Extracted records:
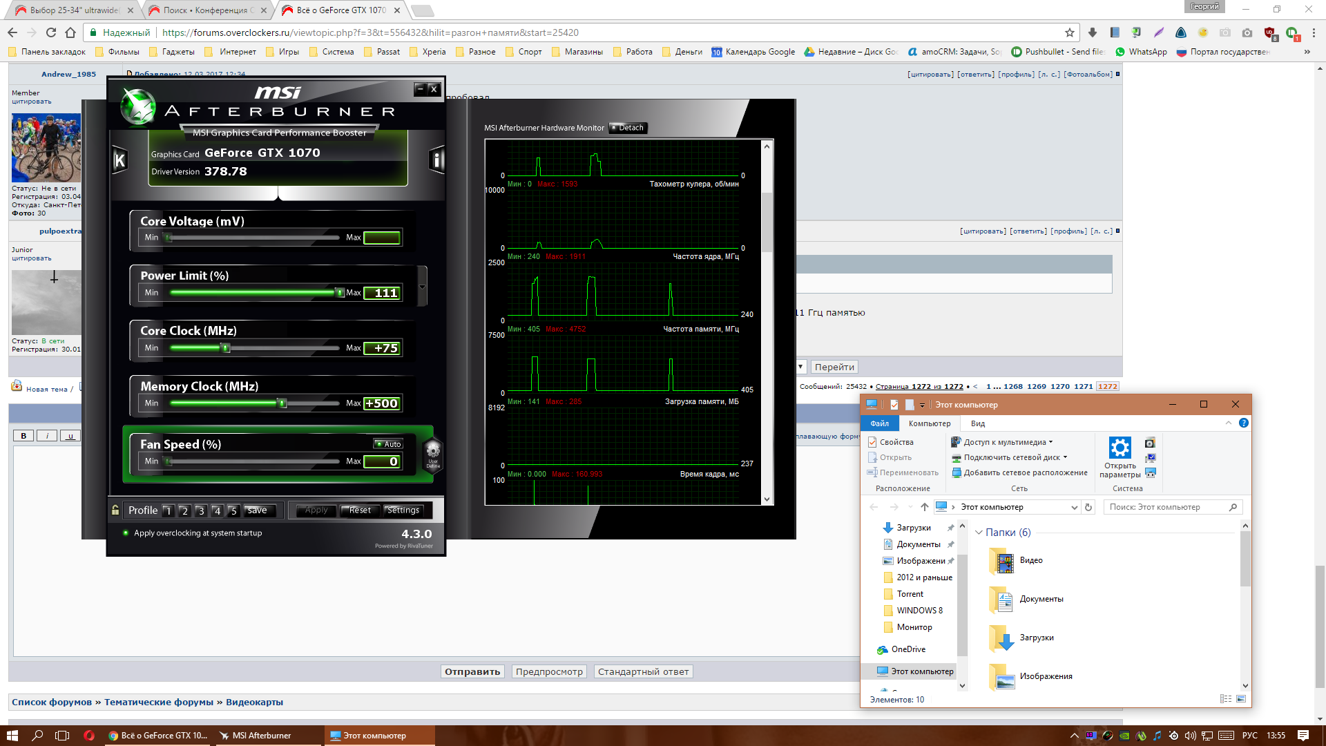 Друзья, подскажите по памяти. У меня память самсунг и она вроде не плохо гонится. По крайней мере я никаких ошибок и вылетов не обнаружил при +750. До скольки гнать все же безопасно? Я сейчас поставил +500, пойдет ли это для постоянной работы? Карта Гигабайт 1070 g1 gaming температура больше 65-67 не поднимается. Скрин настроек ниже
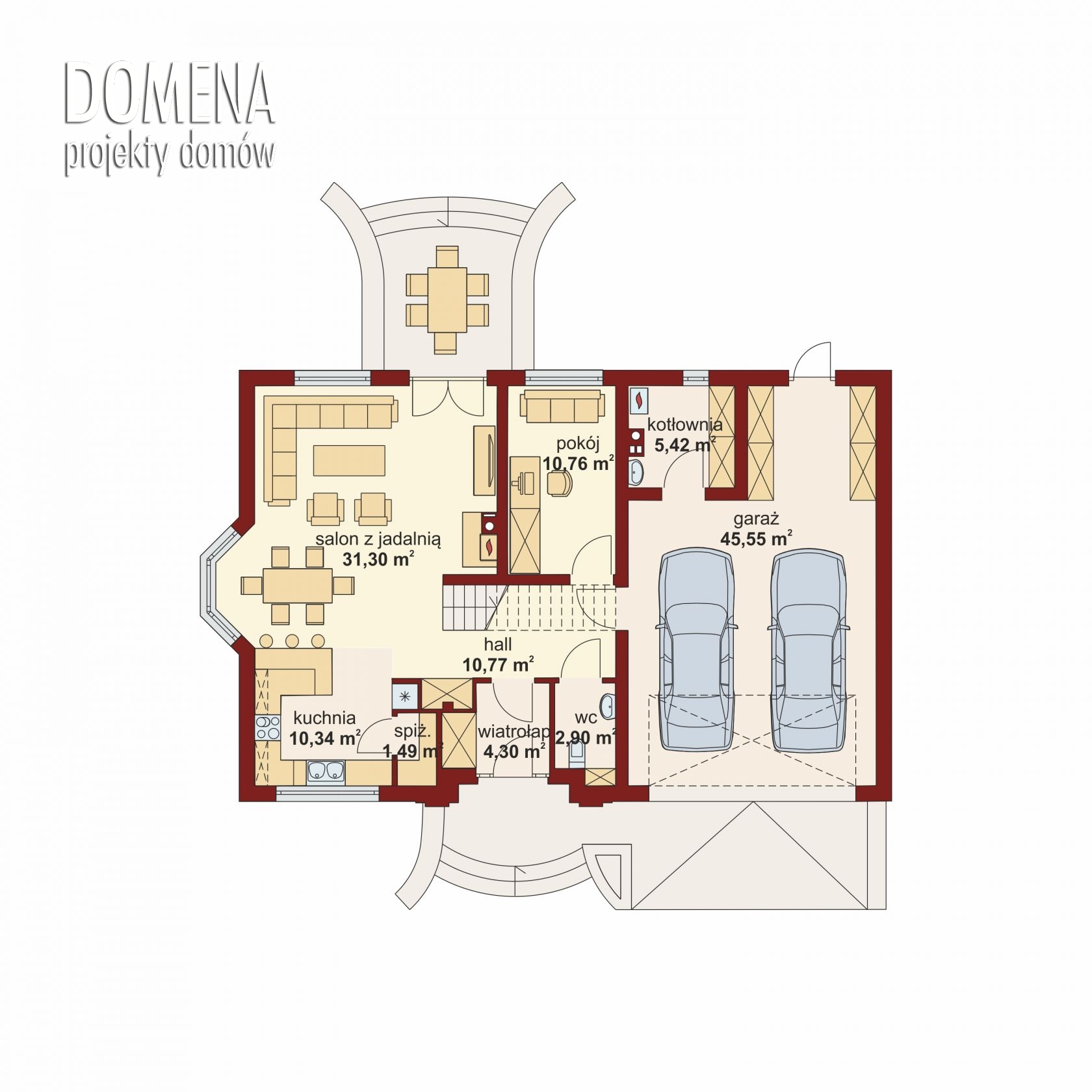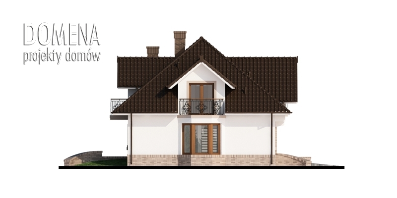 Diogenes 2 to dom z założenia zaprojektowany dla 5/6 – osobowej rodziny. Posiada klasyczną formę oraz prosty, a zarazem funkcjonalny rzut. Umieszczone osiowo wejście posiada praktyczne zadaszenie. Po jego minięciu wkracza się w strefę dzienną budynku. Stanowi ją salon z kominkiem i szerokim widokiem na taras, połączona z nim jadalnia, atrakcyjnie położona w przeszklonym wykuszu, oraz otwarta kuchnia ze spiżarnią. Ta ostatnia może również funkcjonować jako zamknięta po dostawieniu ścianki działowej. Lewą stronę wiatrołapu, gdzie zaprojektowane zostało miejsce na użyteczne szafy wnękowe, lodówkę i spiżarnię możemy przekształcić w jednoprzestrzenne pomieszczenie służące następnie jako pomieszczenie gospodarcze, garderoba, czy duża spiżarnia. W okolicy strefy wejściowej znajduje się także pokój, mogący pełnić funkcję sypialni, gabinetu, czy pokoju gościnnego oraz naprzeciwległa łazienka. Strefa gospodarcza to garaż i kotłownia z przydatnym bezpośrednim wyjściem na część ogrodową. Poddasze w całości stanowi strefa nocna. Na nią składa się duża sypialnia z indywidualną garderobą i łazienką oraz dwie sypialnie z bezpośrednim wyjściem na balkon (jedna z nich także z garderobą).
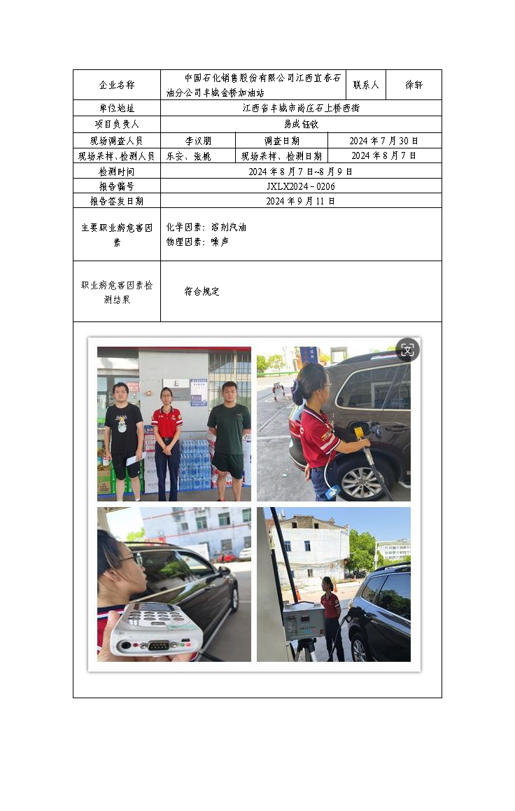 报告编号:JXLX2024-0206中国石化销售股份有限公司江西宜春石油分公司丰城金桥加油站检测报告公示
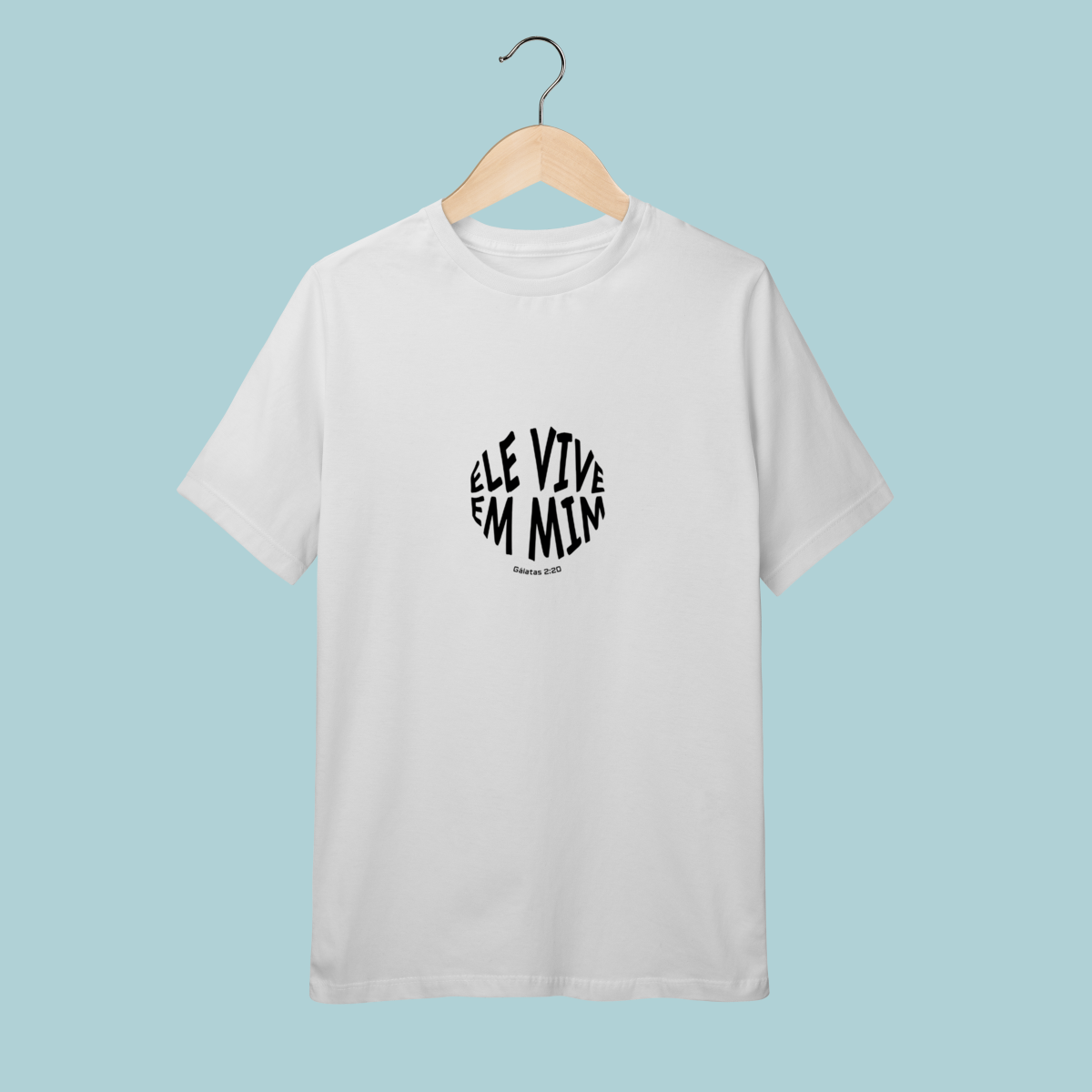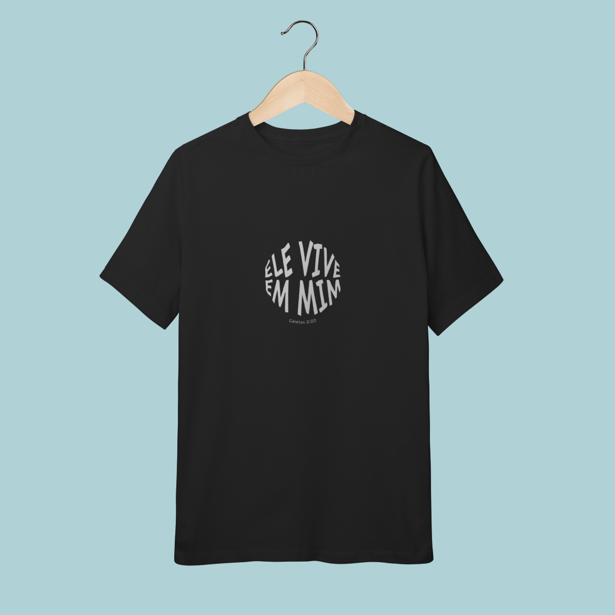 Uma declaração de fé impactante! Esta camiseta celebra a verdade transformadora de Gálatas 2:20: "Não mais eu, mas Cristo vive em mim." O design circular moderno e a tipografia distorcida refletem a mudança radical que a justificação pela fé opera no crente.
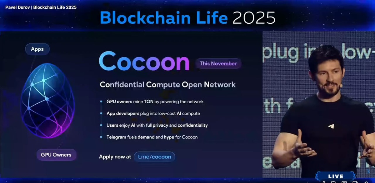 Там Паша анонсировал запуск платформы Cacoon, на которой народ может расшаривать мощности своих GPU и получать вознаграждения в TON
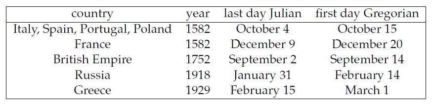 Historically, Pope Gregory XIII announced the new calendar that would be given his name on February 24, 1582. It replaced the slightly simpler Julian calendar, named for Julius Caesar, who decreed its use in 45 BCE, just one year before he was murdered on the Ides of March. Zeller’s congruence for the Julian calendar differs only slightly from the formula he introduced for the Gregorian calendar. It is:
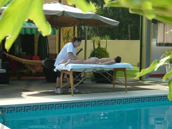 Dit is een van de weinige accommodaties in de omgeving met een zwembad.
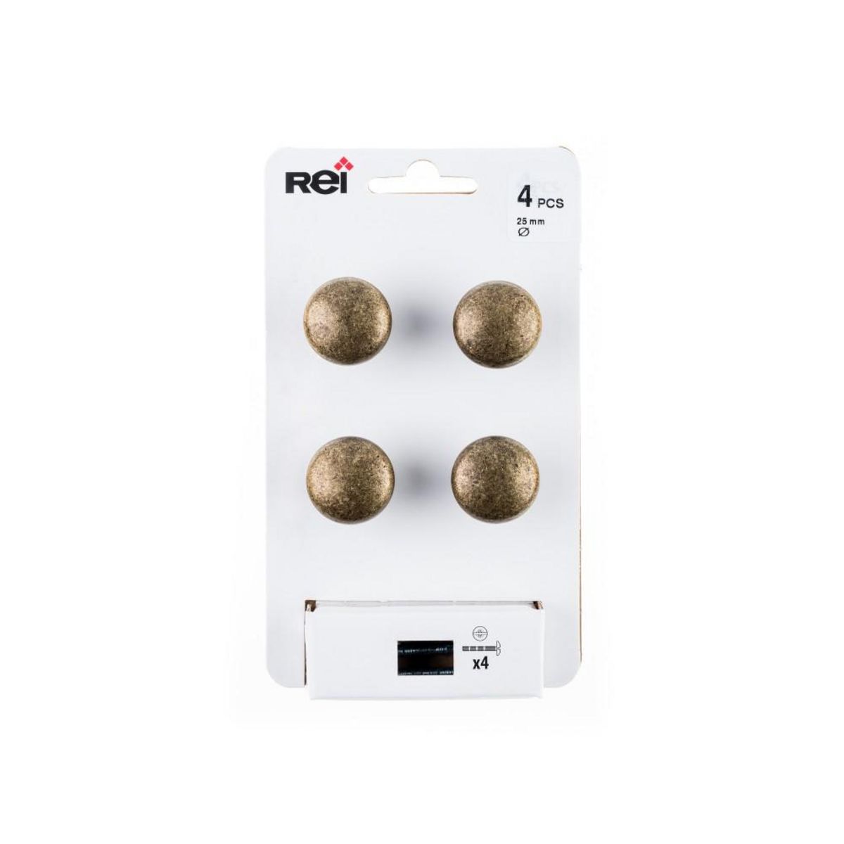 Lot de 4 boutons de meuble Rond zamak laitonné H.25 x l.25 x P.25 mm
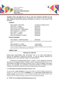 August 24, 2022 jaylord Comment off File Type: pdf File Size: 923 KB Categories: RESOLUTIONS Author: HON. JULIUS T. LEDESMA Share: Resolution No. 2022-110 Resolution No. 2022-107
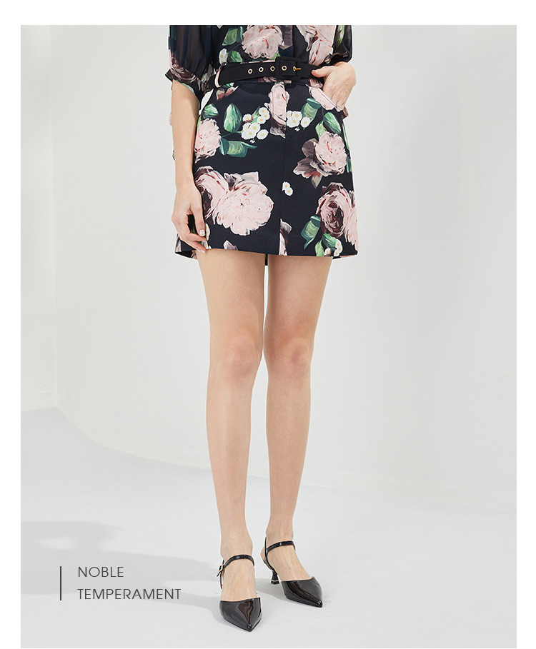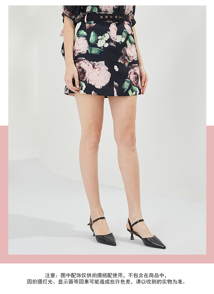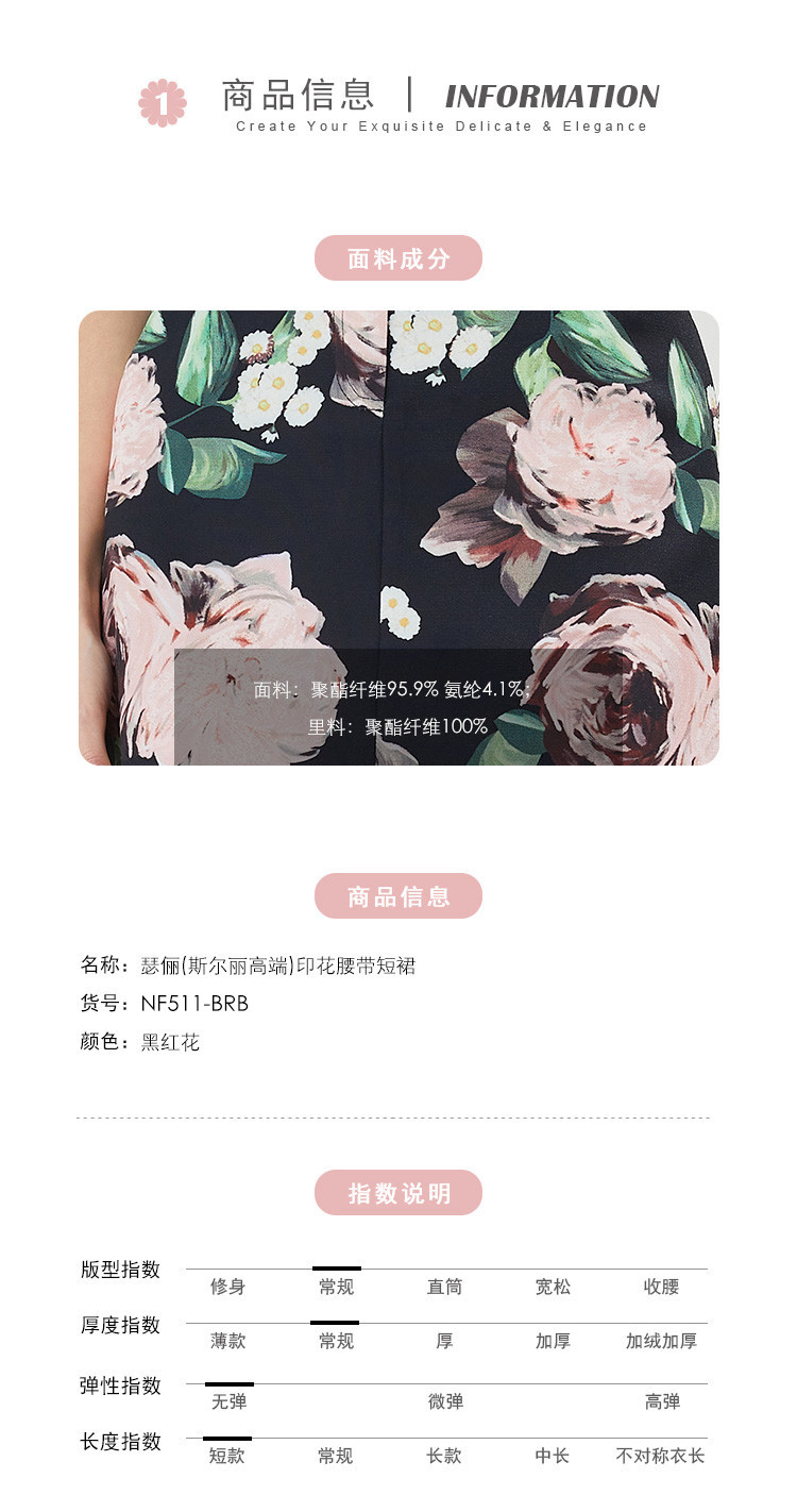 商品名称:夏季A字显瘦高腰印花腰带短裙百搭半截裙 544095

### ABOUT THIS TASK
Exact reproduction of the entries above is required, with pictures excluded.

### EXPECTED ANSWER
 Друзья, подскажите по памяти. У меня память самсунг и она вроде не плохо гонится. По крайней мере я никаких ошибок и вылетов не обнаружил при +750. До скольки гнать все же безопасно? Я сейчас поставил +500, пойдет ли это для постоянной работы? Карта Гигабайт 1070 g1 gaming температура больше 65-67 не поднимается. Скрин настроек ниже
 Diogenes 2 to dom z założenia zaprojektowany dla 5/6 – osobowej rodziny. Posiada klasyczną formę oraz prosty, a zarazem funkcjonalny rzut. Umieszczone osiowo wejście posiada praktyczne zadaszenie. Po jego minięciu wkracza się w strefę dzienną budynku. Stanowi ją salon z kominkiem i szerokim widokiem na taras, połączona z nim jadalnia, atrakcyjnie położona w przeszklonym wykuszu, oraz otwarta kuchnia ze spiżarnią. Ta ostatnia może również funkcjonować jako zamknięta po dostawieniu ścianki działowej. Lewą stronę wiatrołapu, gdzie zaprojektowane zostało miejsce na użyteczne szafy wnękowe, lodówkę i spiżarnię możemy przekształcić w jednoprzestrzenne pomieszczenie służące następnie jako pomieszczenie gospodarcze, garderoba, czy duża spiżarnia. W okolicy strefy wejściowej znajduje się także pokój, mogący pełnić funkcję sypialni, gabinetu, czy pokoju gościnnego oraz naprzeciwległa łazienka. Strefa gospodarcza to garaż i kotłownia z przydatnym bezpośrednim wyjściem na część ogrodową. Poddasze w całości stanowi strefa nocna. Na nią składa się duża sypialnia z indywidualną garderobą i łazienką oraz dwie sypialnie z bezpośrednim wyjściem na balkon (jedna z nich także z garderobą).
 报告编号:JXLX2024-0206中国石化销售股份有限公司江西宜春石油分公司丰城金桥加油站检测报告公示
 Uma declaração de fé impactante! Esta camiseta celebra a verdade transformadora de Gálatas 2:20: "Não mais eu, mas Cristo vive em mim." O design circular moderno e a tipografia distorcida refletem a mudança radical que a justificação pela fé opera no crente.
 Там Паша анонсировал запуск платформы Cacoon, на которой народ может расшаривать мощности своих GPU и получать вознаграждения в TON
 Historically, Pope Gregory XIII announced the new calendar that would be given his name on February 24, 1582. It replaced the slightly simpler Julian calendar, named for Julius Caesar, who decreed its use in 45 BCE, just one year before he was murdered on the Ides of March. Zeller’s congruence for the Julian calendar differs only slightly from the formula he introduced for the Gregorian calendar. It is:
 Dit is een van de weinige accommodaties in de omgeving met een zwembad.
 Lot de 4 boutons de meuble Rond zamak laitonné H.25 x l.25 x P.25 mm
 August 24, 2022 jaylord Comment off File Type: pdf File Size: 923 KB Categories: RESOLUTIONS Author: HON. JULIUS T. LEDESMA Share: Resolution No. 2022-110 Resolution No. 2022-107
 商品名称:夏季A字显瘦高腰印花腰带短裙百搭半截裙 544095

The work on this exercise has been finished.